**Available data**:

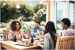 If your party involves kids, you’ll want to keep the food simple and easy to eat with hands, so burgers, hot dogs, chips and some watermelon are the way to go. You’ll also want to keep them occupied with simple games or more active options such as a soccer ball, mini trampoline or a sprinkler to run through and keep them cool. When daylight starts to fade, you can set up a backyard movie or camp-out with some tents to settle the night down. It never hurts to tire the young ones out so the grownups can have some chill time for themselves!
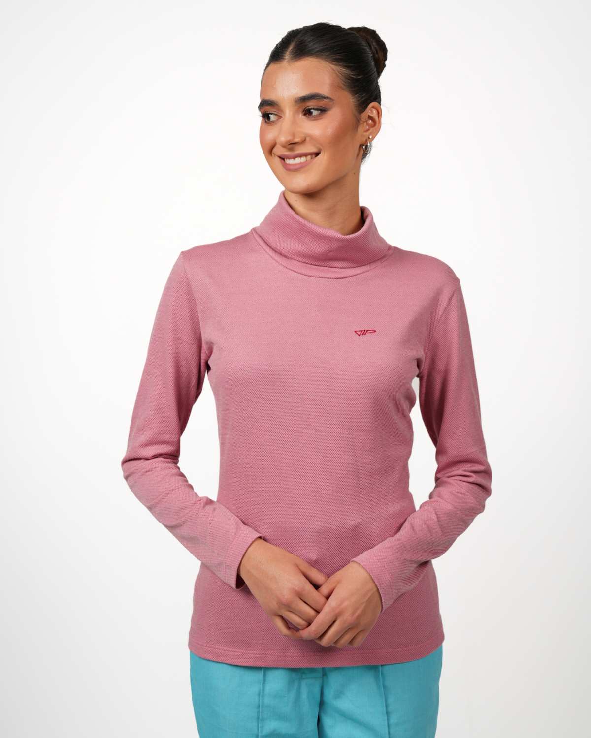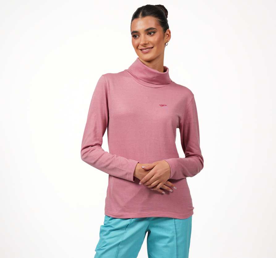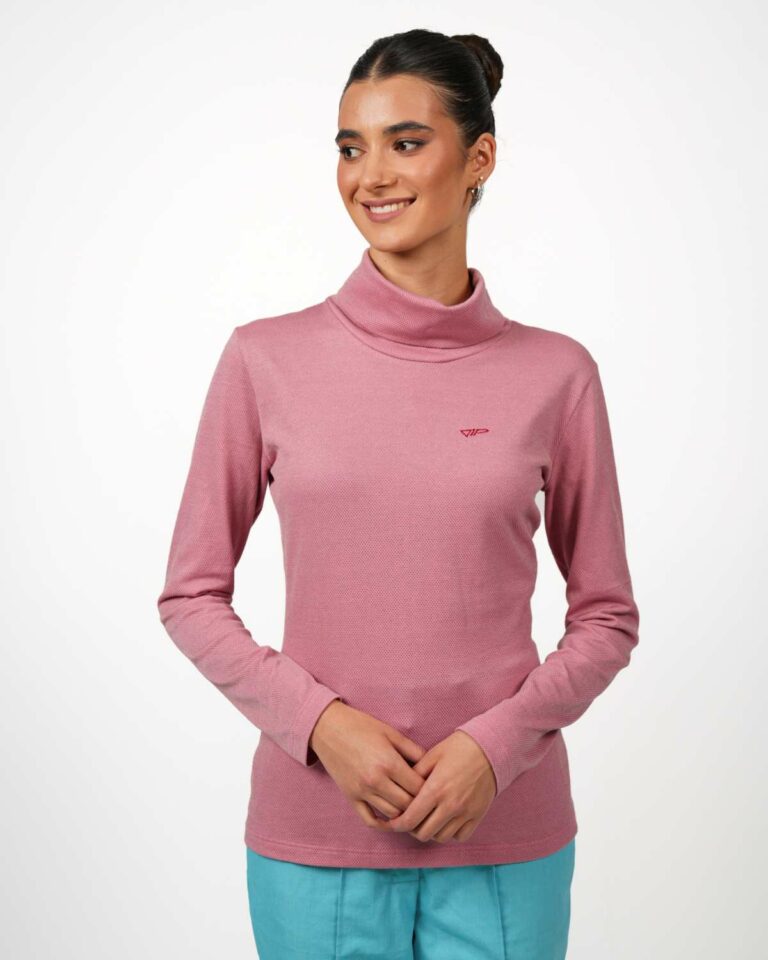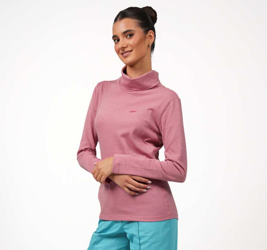 Rollkragen, der locker fällt oder zum Schutz der sensiblen Halsregion nach oben geklappt werden kann
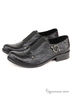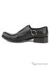 Стильные мужские полуботинки в комбинации из натуральной черного цвета кожи с формоустойчивым текстилем черного цвета. Стилистику милитари подчеркивает выразительный элемент с металлическим кольцом на ремешках, фиксирующиеся металлическими холнитенами.
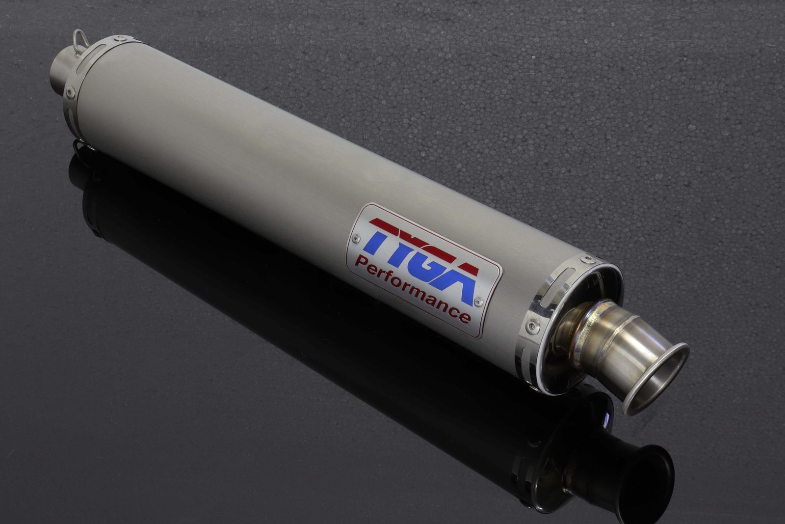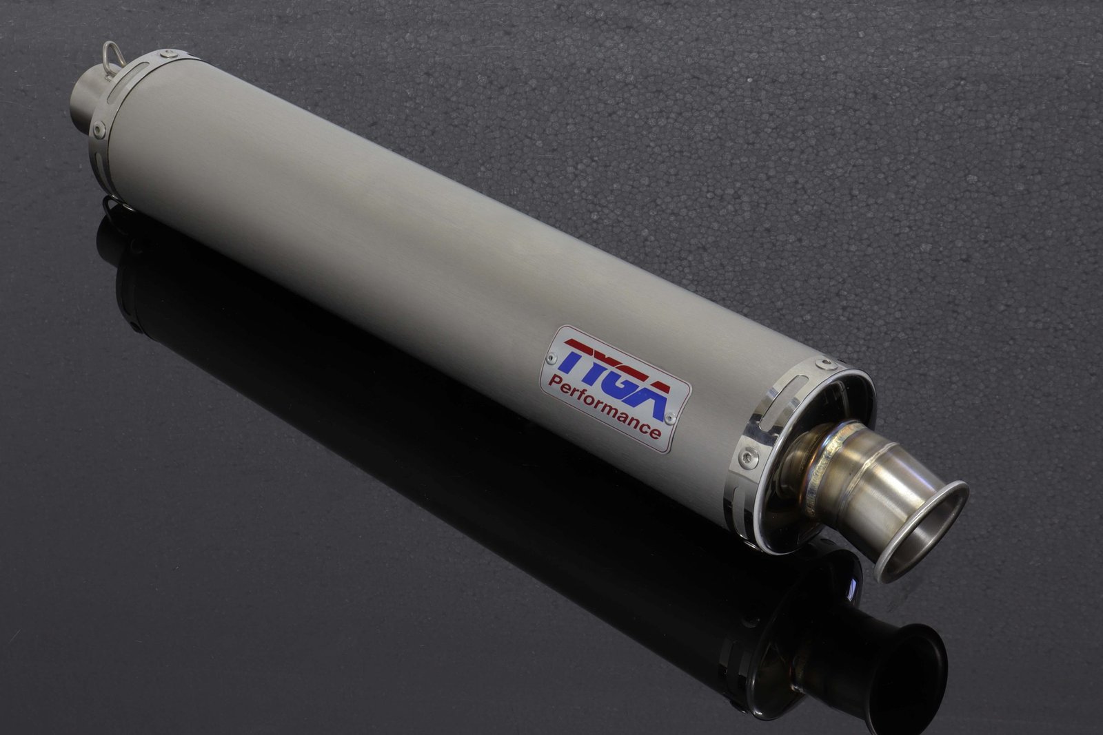 Supply this exhaust system with a large TYGA badge, a small TYGA badge or no badge on the top silencer.

**Aim of the task**: For this exercise, transcribe the data exactly but without its pictures.

**Response**:
 If your party involves kids, you’ll want to keep the food simple and easy to eat with hands, so burgers, hot dogs, chips and some watermelon are the way to go. You’ll also want to keep them occupied with simple games or more active options such as a soccer ball, mini trampoline or a sprinkler to run through and keep them cool. When daylight starts to fade, you can set up a backyard movie or camp-out with some tents to settle the night down. It never hurts to tire the young ones out so the grownups can have some chill time for themselves!
 Rollkragen, der locker fällt oder zum Schutz der sensiblen Halsregion nach oben geklappt werden kann
 Стильные мужские полуботинки в комбинации из натуральной черного цвета кожи с формоустойчивым текстилем черного цвета. Стилистику милитари подчеркивает выразительный элемент с металлическим кольцом на ремешках, фиксирующиеся металлическими холнитенами.
 Supply this exhaust system with a large TYGA badge, a small TYGA badge or no badge on the top silencer.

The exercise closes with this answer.